O Grande Reset

Conspiração ou não, exagero ou ulrarealismo, hiperbolização ou pragmatismo, as teorias covid ou pós covid têm-nos mantido entretetidos durante a era do grande confinamento. E se andam online, por certo já as viram aparecer quase à mesma velocidade com que desaparecem. De audios no Whatsapp a uma remodelação à escala global da economia, elas existem para todos os gostos. O problema mesmo… é a realidade. Podemos assim teorizar e até conspirar que o algodão do tempo nunca enganará. O que nos remete para as especificidades do discurso de um treinador. E claro que para dissertar sobre esse campo traremos à baila um treinador que não deixa ninguém indiferente. Jorge Jesus (pois está claro!) voltou em grande depois de um período em que a Covid-19 o assolou, não só a si, como também a grande parte da estrutura encarnada. E, como tal, a ligação entre o surto que afectou o futebol do SL Benfica, e a performance foi em grande parte o assunto principal das últimas comunicações do técnico.

É aqui que estabelecemos a ponte entre as teorias da conspiração, entre as teorias que não pretendem conspirar, entre as previsões e a possível realidade.
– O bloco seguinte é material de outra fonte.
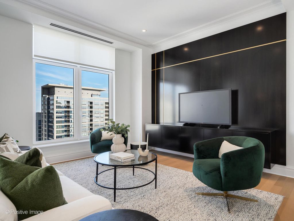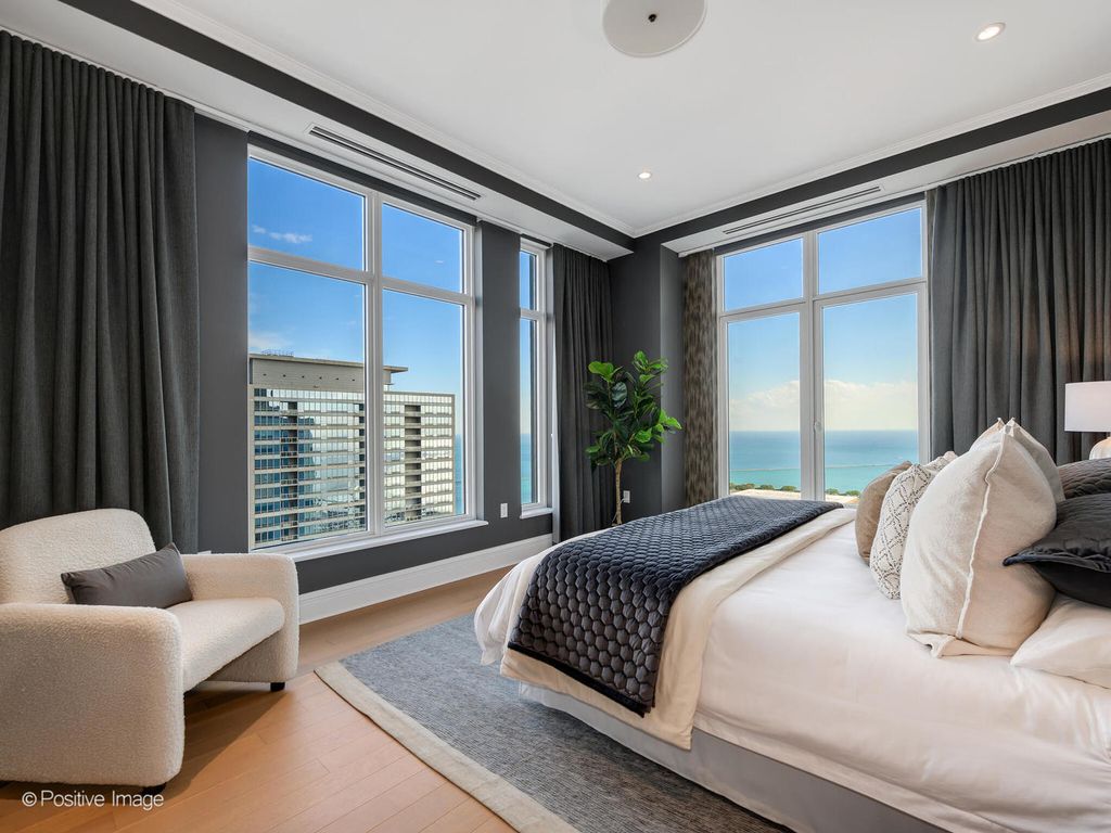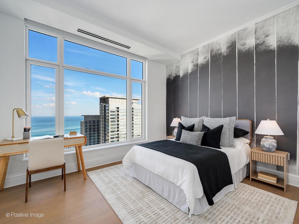 Experience unmatched sophistication in this 3-bedroom, 2.1-bath residence soaring 43 stories above Chicago in Robert A. M. Stern's architectural masterpiece, One Bennett Park. Framed by sweeping views of Lake Michigan and the city skyline, this home is set within an amenity-rich community, complete with a 1.7-acre private park by renowned landscape architect Michael Van Valkenburgh. Step inside to a gracious foyer and an expansive open layout filled with natural light from oversized north- and east-facing windows. Ten-foot ceilings, white oak hardwood floors, custom millwork, and designer lighting create an atmosphere of timeless elegance. The formal living and dining rooms offer a spectacular backdrop for entertaining, with stunning lake and skyline vistas. The chef's kitchen features custom Plain & Fancy cabinetry, Perla Venato stone countertops and backsplash, premium Wolf and Sub-Zero appliances, and Kallista fixtures. The corner primary suite offers dazzling views, a walk-in closet, and a spa-inspired marble bath with a soaking tub and a walk-in shower. Additional features include motorized shades, whole-home audio, automated lighting, and zoned climate control. Residents enjoy world-class amenities, including a limestone and granite motor court, 24-hour door staff, concierge and valet services, a bar and billiards lounge, a Jay Wright-designed fitness center, indoor and outdoor saltwater pools, a full-service spa and salon, a Pilates studio, and more. Just steps from the lakefront, Riverwalk, Navy Pier, Magnificent Mile, and premier dining, shopping, and cultural destinations. This is more than a home-it's an unparalleled lifestyle.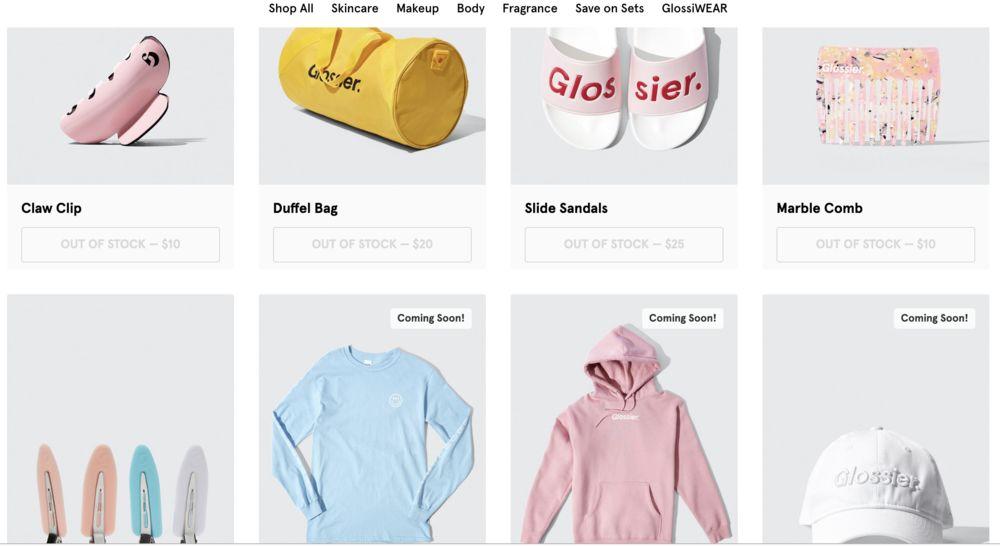 今年7月17日,Glossier带着自己标志性的粉色跨界时尚界,在Instagram推出了“GlossiWEAR”服饰系列,包括连帽卫衣、T恤、棒球帽、拖鞋、发夹、运动包等,每件单品都露出着大大的“Glossier”的标志。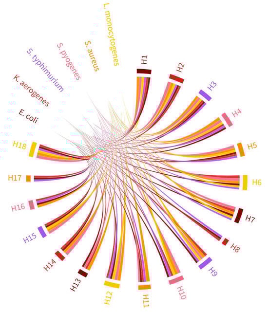 Chord diagram based on the antimicrobial potential (i.e., MIC) of the evaluated honey samples against several microorganisms.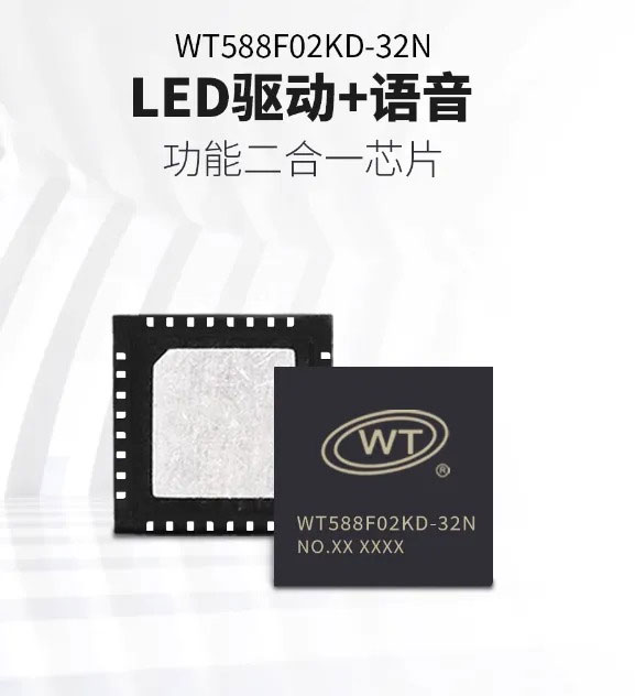针对上述痛点,广州唯创电子作为专业的语音IC厂家,推出了集成创新的WT588F02KD-32N芯片。其核心突破在于将LED驱动芯片与高品质语音引擎深度融合,开创了“声光协同”的智能交互范式。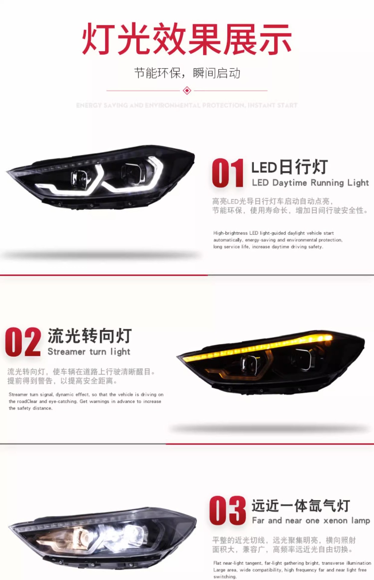 LED DRL Flowing Turn Signal Bi-Xenon Lens Headlight Assembly for Hyundai Elantra 2016-2019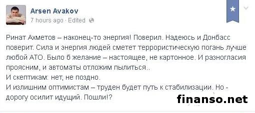 Стало известно, что Арсен Аваков, глава Министерства внутренних дел Украины, одобрительно отреагировал на заявление украинского олигарха Рината Ахметова, которое было направлено на осуждение деятельности сторонников самопровозглашенной так называемой «Донецкой народной республики», а также действий пророссийски настроенных активистов на Донбассе. Свой положительный ответ на заявление бизнесмена А. Аваков разместил на своей страничке в социальной сети Facebook.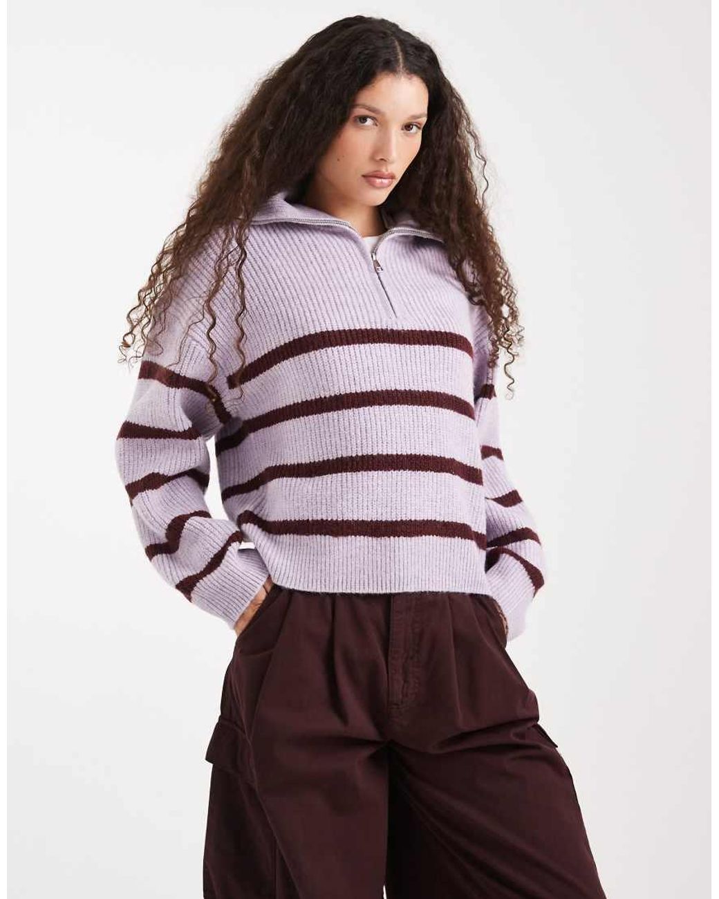 Jumpers & Cardigans by Cotton On Stripe pattern High collar Half zip fastening Long sleeves Ribbed trim Relaxed fit Colour: purple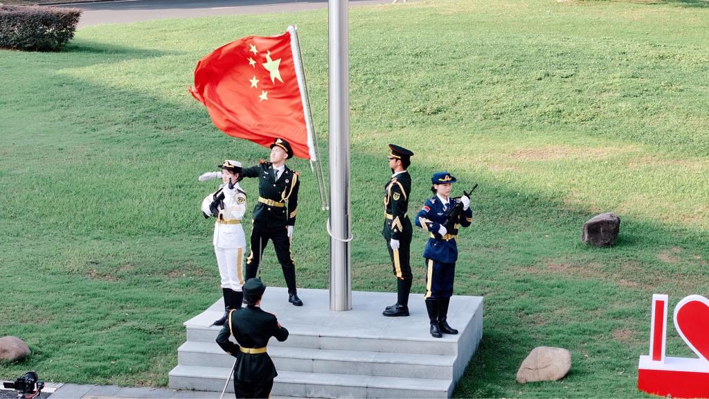 伴着初升的朝阳,校国旗护卫队迈着整齐划一、铿锵有力的步伐,护送着五星红旗正步走向旗杆。全体师生面向国旗肃立致礼,齐唱国歌。师生们注视着五星红旗冉冉升起,在熠熠晨光中迎风飘扬。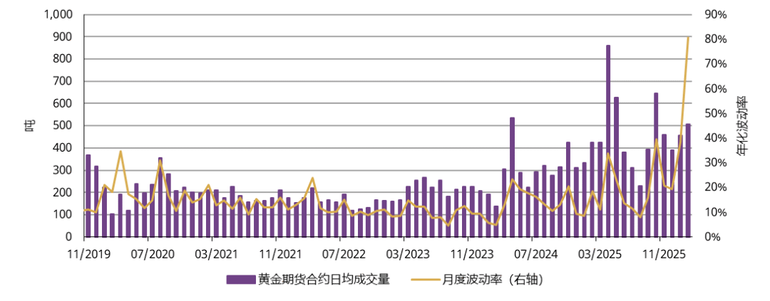 上海期货交易所(SHFE)的黄金期货日均交易量达505吨,环比增长11%。金价波动加剧提升了战术交易者对黄金期货的兴趣,这一现象在2月初尤为明显,当时金价波动率与黄金交易量双双大幅攀升。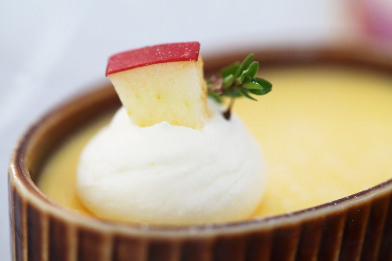 Egg pudding with an apple slice and some whipped cream to boot. My favorite of the four. Super smooth and creamy, with some nice caramel hiding underneath!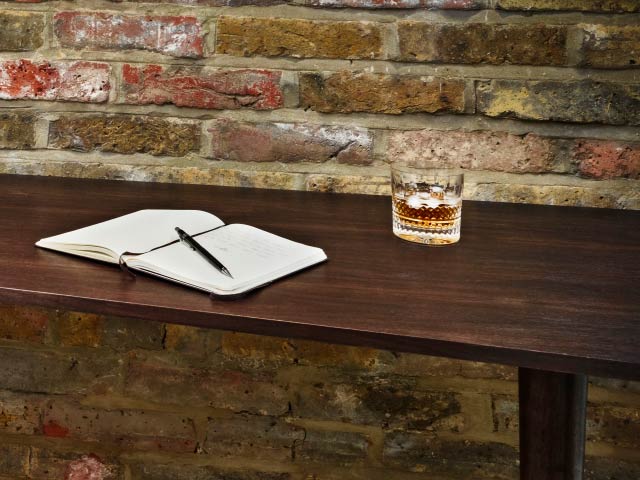Concealment and function are combined within the same piece to create a fitted desk with a concealed gun cabinet at one end. The cabinet door is fitted with a discreet push latch mechanism and polished brass butt hinges. Two solid Walnut turned legs support the front of the desk while discreet fixings support the back.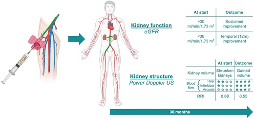 2個月時的彩色多普勒評估表明,每個評估的腎臟 (36/36) 的葉間和/或弓狀動脈灌注水平增加,肺門動脈 (35/36) 腎臟的阻力指數降低。超過12個月,初始eGFR<30mL/min/1.73m的患者2惡化,而那些≥30mL/minute/1.73m2進一步維持其腎功能,表明該組可能具有腎臟保護作用。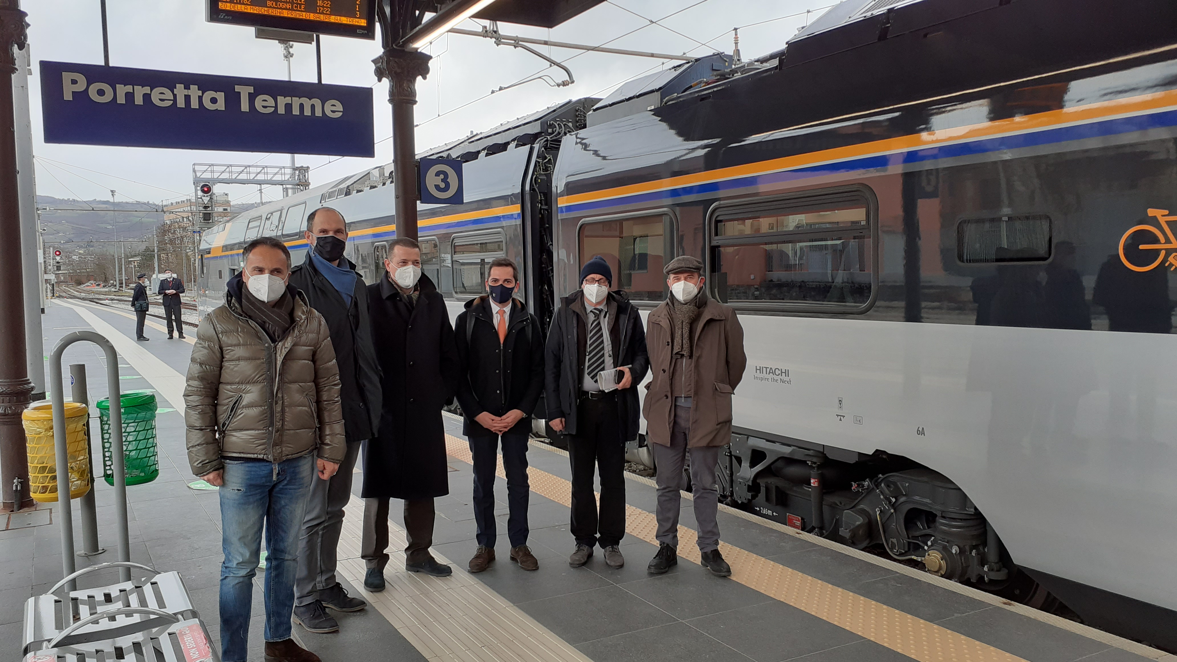 Nella altra foto, all’arrivo a Porretta Terme, da sinistra l’assessore Corsini, Tullio, Paolillo, il responsabile commerciale di Trenitalia-Tper Alessandro Botteghi e il presidente di Crufer e del Comitato pendolari Porrettana Valerio Giusti.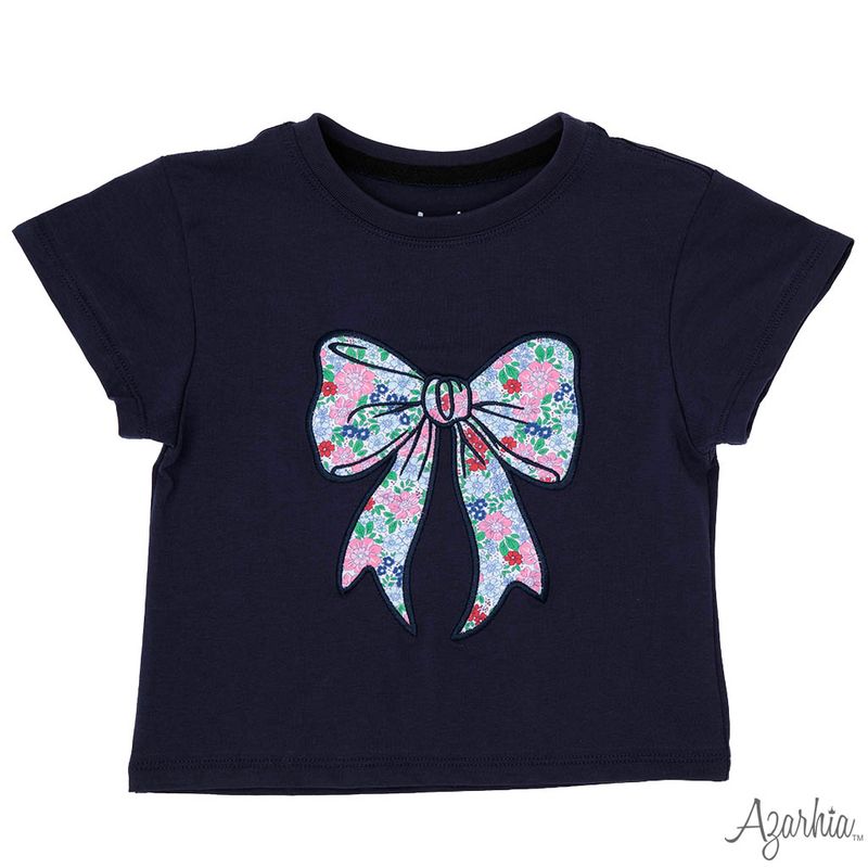 Girls Navy London Floral Bow Boxy by Azarhia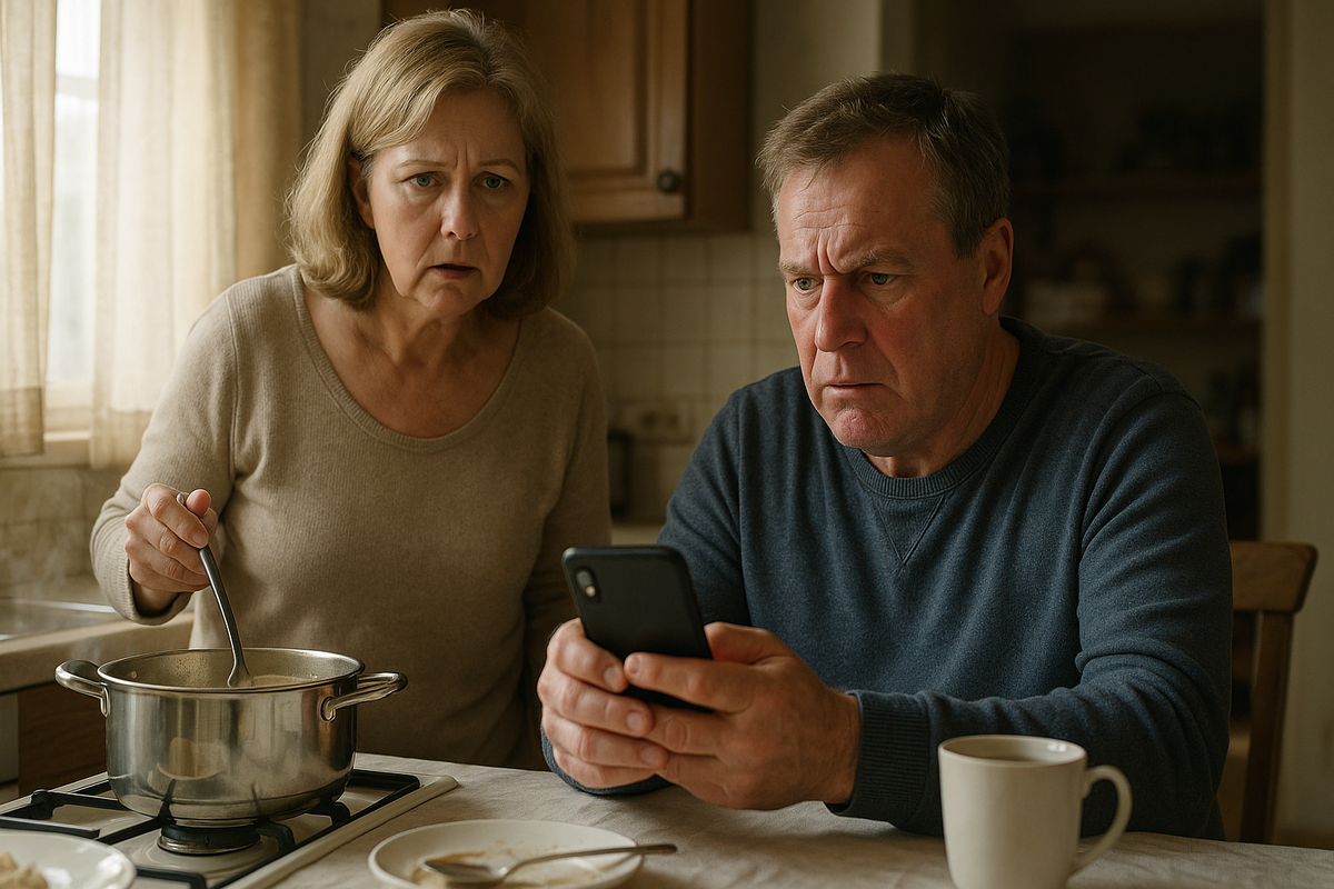Я стояла у плиты, помешивала суп. Витя сидел за столом с моим телефоном в руках. Искал номер сантехника — его телефон разрядился.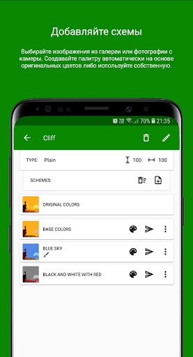 Добавляйте схемы: выбирайте изображения из галереи или фотографии с камеры. Создавайте палитру автоматически на основе оригинальных цветов либо используйте собственную.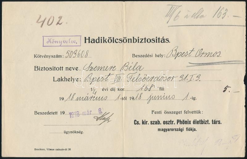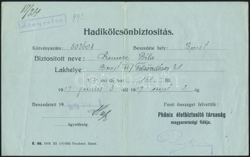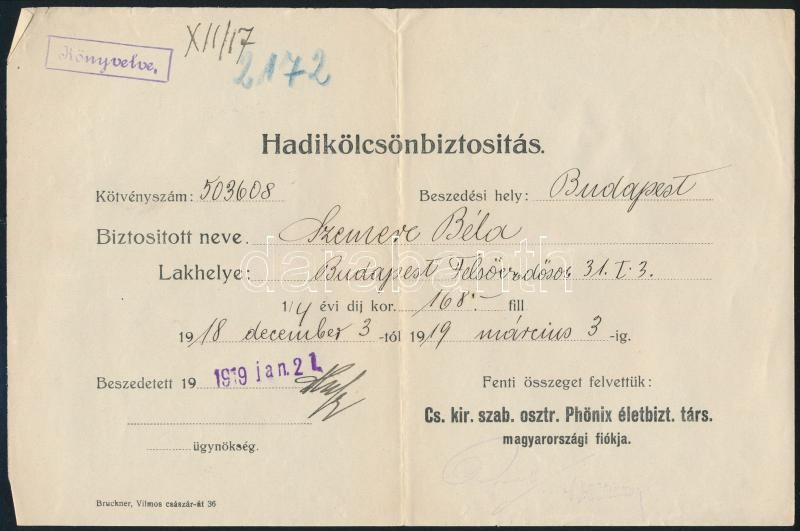 https://www.darabanth.com/en/313-Online-auction/313.0/Other-collectibles/Documents~18/1918-1919-Phonix-Eletbiztosito-Tarsasag-hadikolcson-nyugtai-3-db-hajtasnyomokkal~II1714112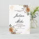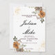 This forest green floral wedding invitation blends rustic charm with modern elegance. The dark green background is accented with delicate white florals and soft botanical elements, creating a timeless design perfect for fall or outdoor weddings. Paired with modern script and serif typography, this invitation is ideal for couples seeking a clean yet sophisticated look.
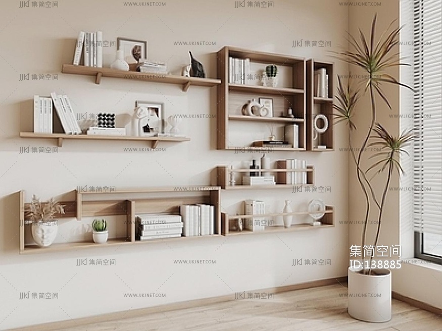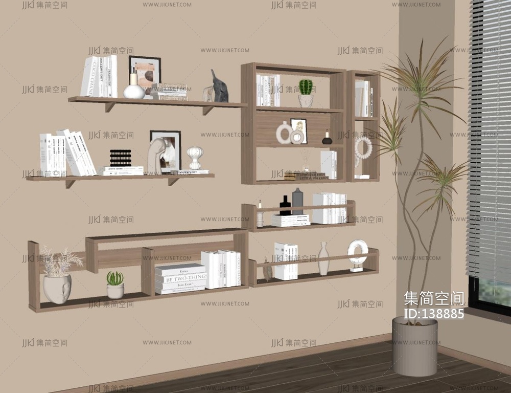 现代置物架_现代墙面置物架_书架_壁挂式SU模型su草图模型下载

Não só aquelas com que a megainformação dos dias de hoje nos enche a mente, mas também com aquelas que foram o plano comunicacional de Jesus no regresso pós-Covid, numa ponte que forma uma analogia com o Grande Reset que alguns garantem que vem mesmo aí – redefinindo a forma como hoje vivemos. Também para Jesus, agora que, segundo o próprio, o futebol do Benfica estará livre do Coronavírus por três meses, o seu Benfica iniciará um Grande Reset. E isso, nesta semana, notou-se de duas maneiras.


Primeiro, porque são as exibições e resultados que traçam e validam o caminho comunicacional, não pudemos deixar de reparar que as duas vitórias (frente a Famalicão, para a Liga, e ao Estoril para a Taça) puderam soltar Jesus para o caminho discursivo que ele mais gosta de utilizar: o da hipérbole. E entre a hipérbole da sua apresentação, até à hipérbole depois da boa vitória frente ao Estoril, uma coisa, apenas e só, se meteu pelo meio: o Coronavírus. Obviamente, todos sabemos que há mais a explicar, como sabemos também que o próprio Jorge Jesus tem noção disso. No entanto a escolha deste enquadramento no discurso tem explicações claras e, por ventura, imperativas. Isto porque, falando no treinador de um dos três grandes portugueses, teremos de colocar a pertinente questão: até que ponto é que se pode ser totalmente honesto?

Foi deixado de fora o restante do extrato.